Business Intelligence and Transact-SQL: Standard and Nonstandard Analytic Functions

The Database Engine contains the following standard and nonstandard analytic functions:

  • TOP
  • OFFSET/FETCH
  • NTILE
  • PIVOT and UNPIVOT
  • STRING_AGG
  • APPROX_COUNT_DISTINCT

The following sections describe these analytic functions and operators.

1. TOP Clause

The TOP clause specifies the first n rows of the query result that are to be retrieved.
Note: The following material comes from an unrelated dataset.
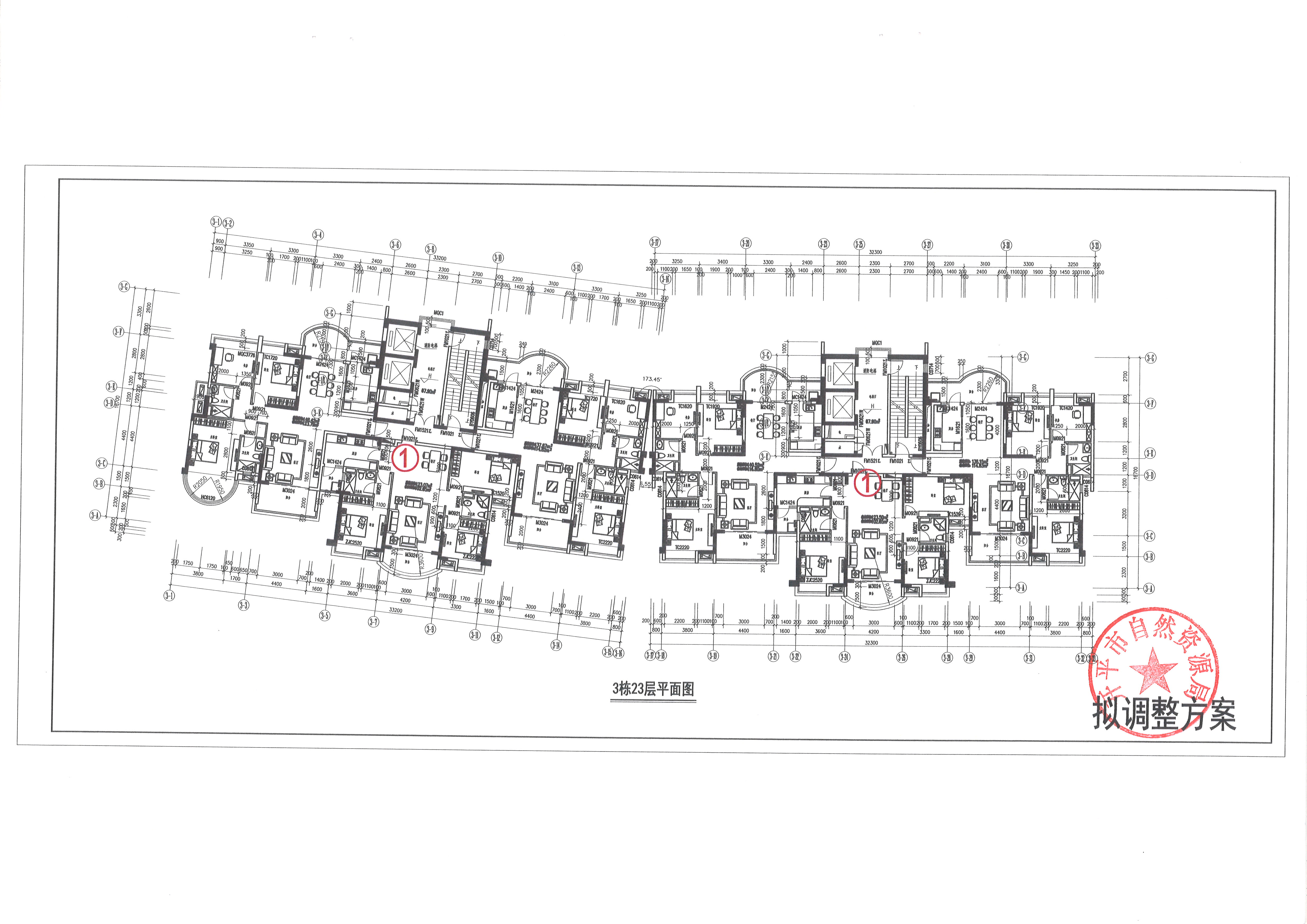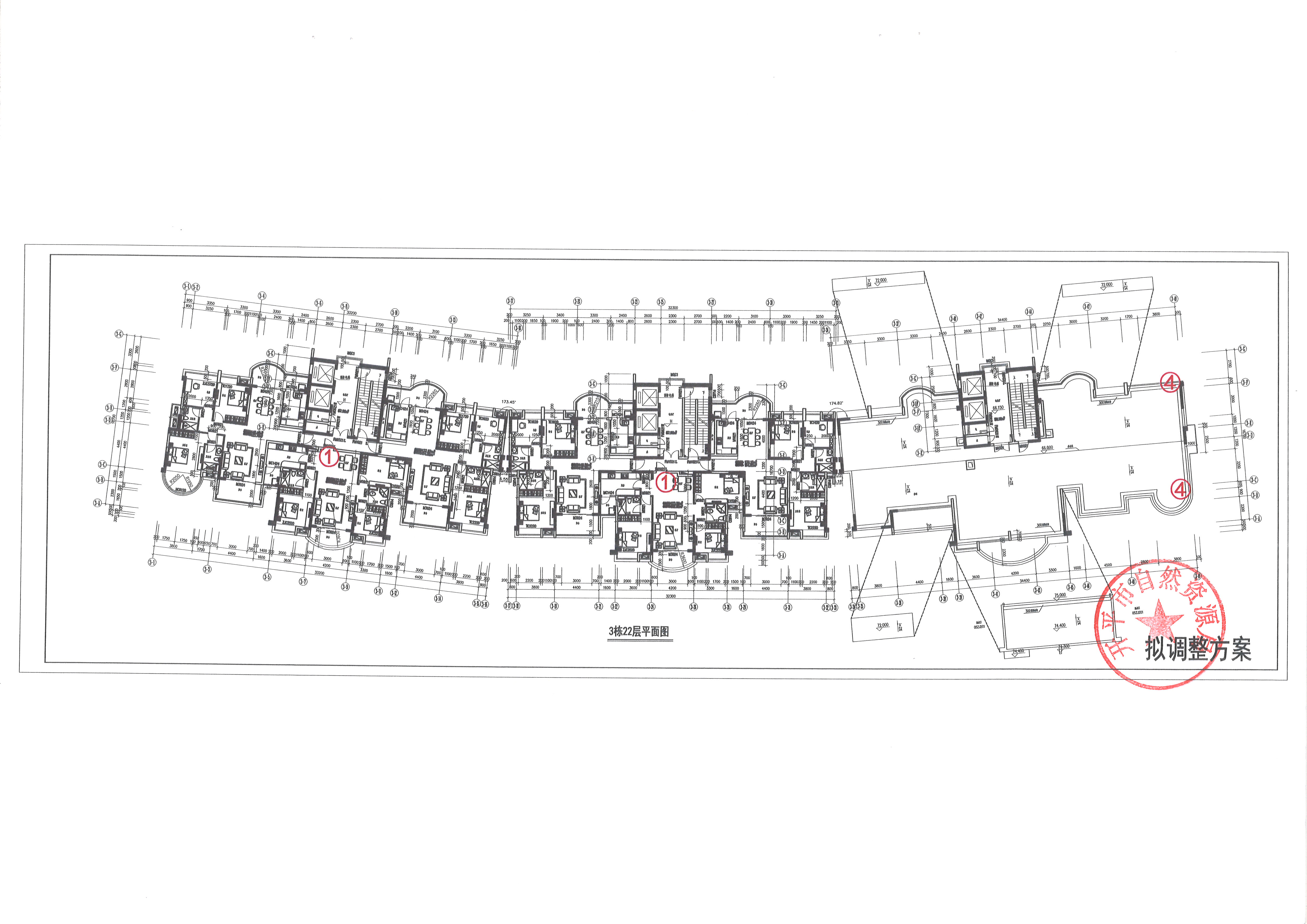 22层、23层:①3-1至3-33轴交3-A轴至3-G轴加建22层、23层(增加12户住宅)。

This clause should always be used with the ORDER BY clause, because the result of such a query is always well defined and can be used in table expressions. (A table expression specifies a sample of a grouped result table.) A query with TOP but without the ORDER BY clause is nondeterministic, meaning that multiple executions of the query with the same data may not always display the same result set.

Example 24.19 shows the use of this clause.

Example 24.19

Retrieve the four projects with the highest budgets:

USE sample;

SELECT TOP (4) dept_name, budget

FROM project_dept

ORDER BY budget DESC;

The result is

As you can see from Example 24.19, the TOP clause is part of the SELECT list and is written in front of all column names in the list.
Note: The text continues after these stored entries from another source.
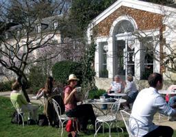You will see an entrance to the Arboretum on your right, a botanical park à l’anglaise, complete with a grotto and waterfall, containing some remarkable shrubs and trees. Follow the left-hand path uphill to the Maison de Chateaubriand, past the main entrance to the Arboretum. The entrance to the salon de thé in the Orangerie is just before the entrance to the house, with tables outside overlooking the park. Sipping tea here and appreciating the tranquil view, you will understand just why Chateaubriand enjoyed his exile so much.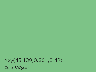 Yxy 45.139,0.301,0.42 Color is a light green color and the nearest color is De York #7ac488. Hex code #7dc387 and RGB value is rgb(125,195,135). In RGB color space, this color is composed of 49% red, 76% green, 53% blue, In CMYK color space, this color is composed of 36% cyan, 0% magenta, 31% yellow , 24% black , In HSL color space, this color has a hue angle of 129° , 37% saturation and 63% lightness.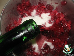 И вино. Ставим всё это на огонь и варим до закипания, потом ещё минутки две, не больше, даём покипеть. Сначала я с недоверием отнеслась к этому соусу, так как привыкла из клюквы делать немного иначе соус к мясу. Я всё делаю так же, только вместо вина добавляю соевый соус. Соус получается пикантный. Здесь же я боялась, что будет просто сладко. Но мои опасения оказались напрасными, соус отличный получился.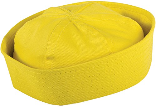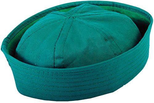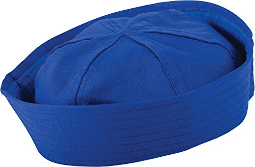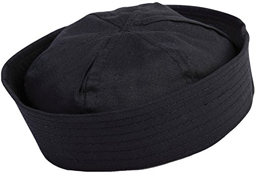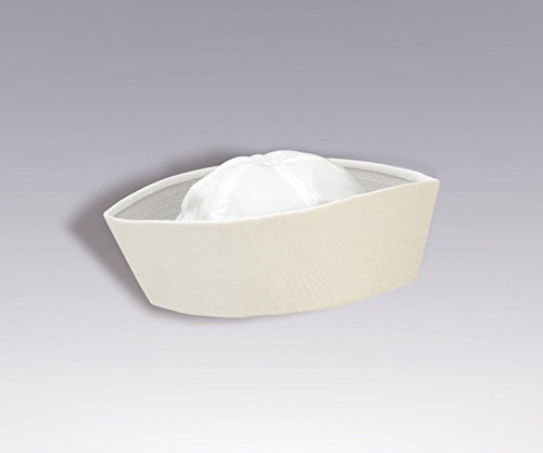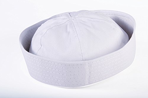 An authentic naval cap. All cotton. Hat is approximately 24" in circumference, 8.5" in diameter and the brim is 3" tall.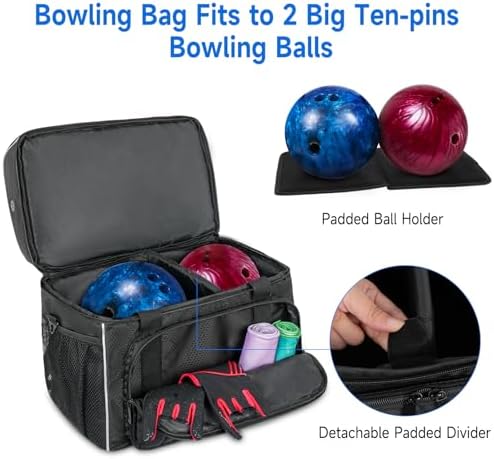 【Removable Padded Cushion】: The removable design can help you use the space widely and make your items well-organized, help you carry up 2 bowling balls easiy. This bowling bag is also with a ball holder, which can protect your bowling balls from damage and keep from rolling.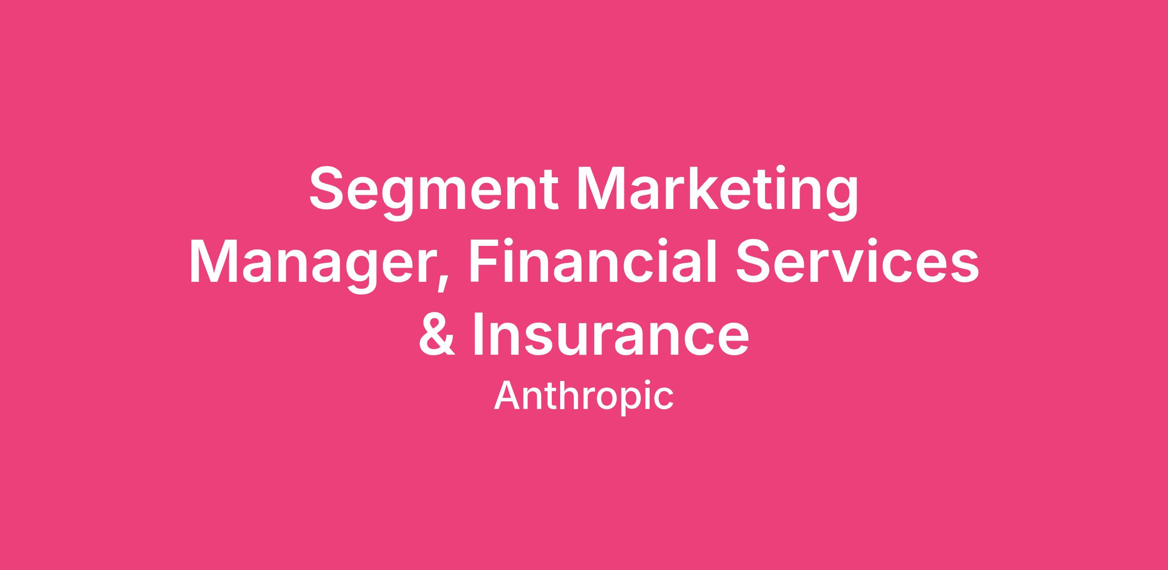 As a Segment Marketing Manager for Financial Services & Insurance at Anthropic, you will own the end-to-end demand marketing strategy for one of the most consequential verticals in our go-to-market motion. Financial services and insurance organizations are among the earliest adopters of enterprise AI, and this role sits at the intersection of deep industry expertise and Anthropic's mission to build safe, reliable AI systems that deliver real business value.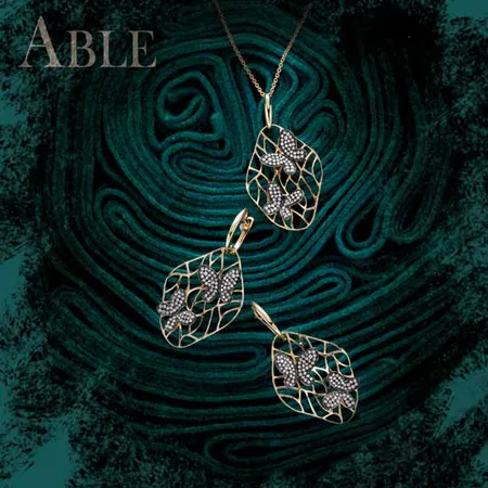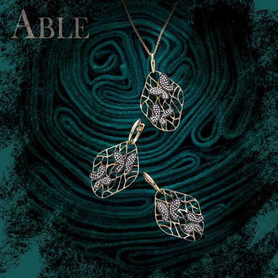 This charming pendant presents a fascinating design inspired by nature. Fancy butterflies of diamond and black rhodium rest on a delicate gold web. This well-crafted jewelry adorns your look with a touch of spring.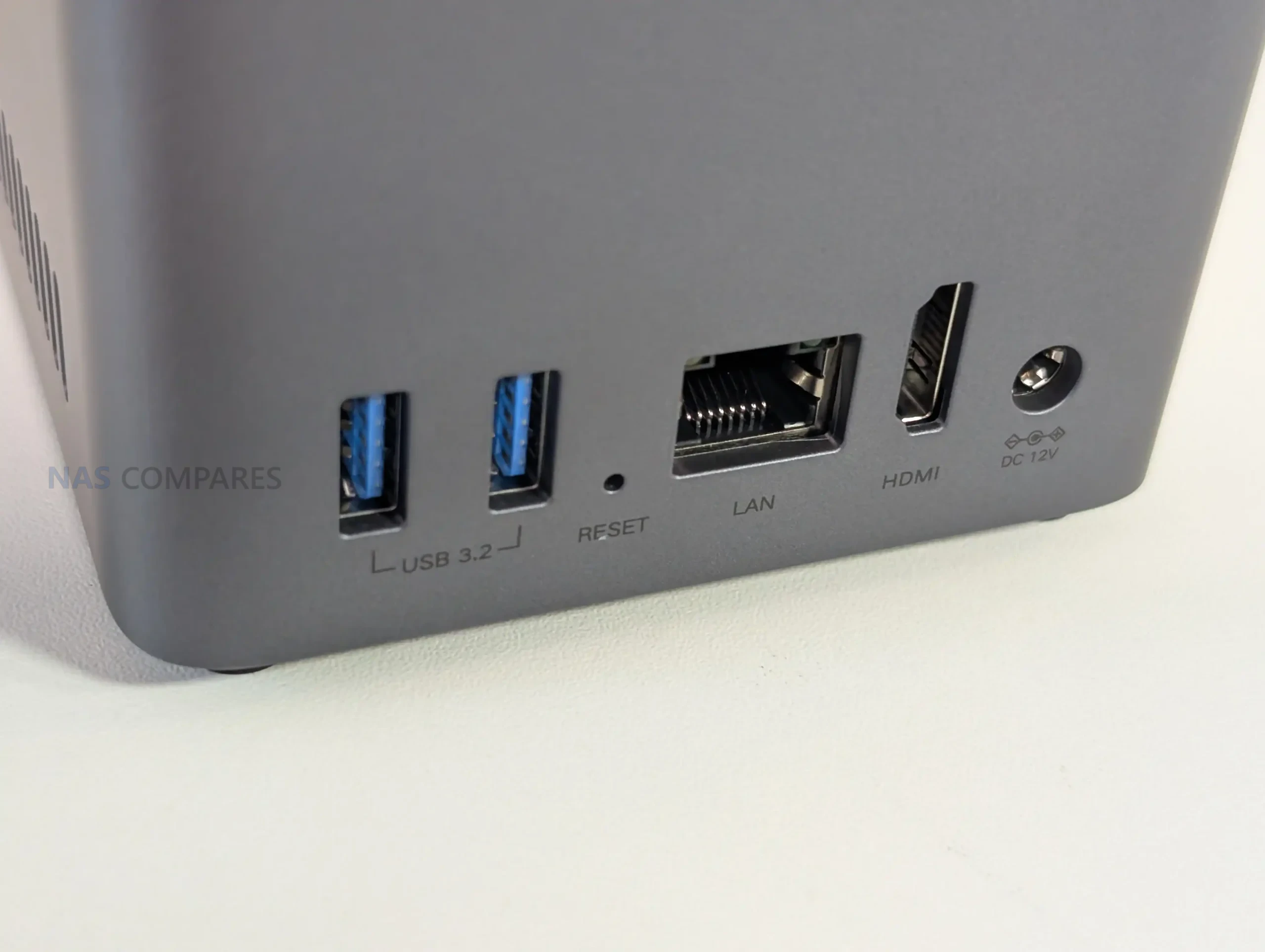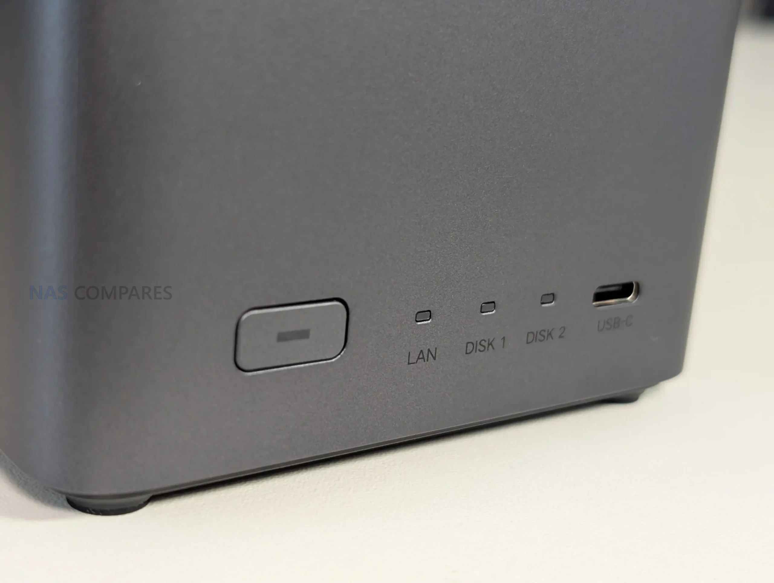 Externally, the NAS presents a modest selection of connectivity options suitable for its market position. The rear hosts a single 1GbE LAN port—adequate for most home users but a notable downgrade from the 2.5GbE interface found on UGREEN’s larger models like the DH4300. File transfers, backups, and streaming functions remain well within the limits of 1GbE for single-user environments, though network saturation can occur during multi-user access. Peripheral connectivity is handled by two USB-A 3.2 Gen 1 ports and one USB-C 3.2 Gen 1 port, all operating at 5Gbps, supporting external drives, UPS communication, or backup targets. An HDMI 2.0 port on the rear supports 4K60 output for local playback or display configuration, while system LEDs provide visual feedback for drive activity, system status, and network connection. Power is supplied by a 50W external adapter that connects via a barrel plug, keeping internal temperatures and noise low by externalizing the PSU.

NOTE You should write the input value of TOP inside parentheses, because the system supports any self-contained expression as input.

The TOP clause is a nonstandard ANSI SQL implementation used to display the ranking of the top n rows from a table. A query equivalent to Example 24.19 that uses the window construct and the standardized RANK function is shown in Example 24.20.

Example 24.20

Retrieve the four projects with the highest budgets:

USE sample;

SELECT dept_name, budget

FROM (SELECT dept_name, budget,

RANK() OVER (ORDER BY budget DESC) AS rank_budget

FROM project_dept) part_dept

WHERE rank_budget <= 4;

The TOP clause can also be used with the additional PERCENT option. In that case, the first n percent of rows are retrieved from the result set. The additional option WITH TIES specifies that additional rows will be retrieved from the query result if they have the same value in the ORDER BY column(s) as the last row that belongs to the displayed set. Example 24.21 shows the use of the PERCENT and WITH TIES options.

Example 24.21

Retrieve the top 25 percent of rows with the smallest number of employees:

USE sample;

SELECT TOP (25) PERCENT WITH TIES emp_cnt, budget

FROM project_dept

ORDER BY emp_cnt ASC;

The result is

The result of Example 24.21 contains five rows, because there are three projects with five employees.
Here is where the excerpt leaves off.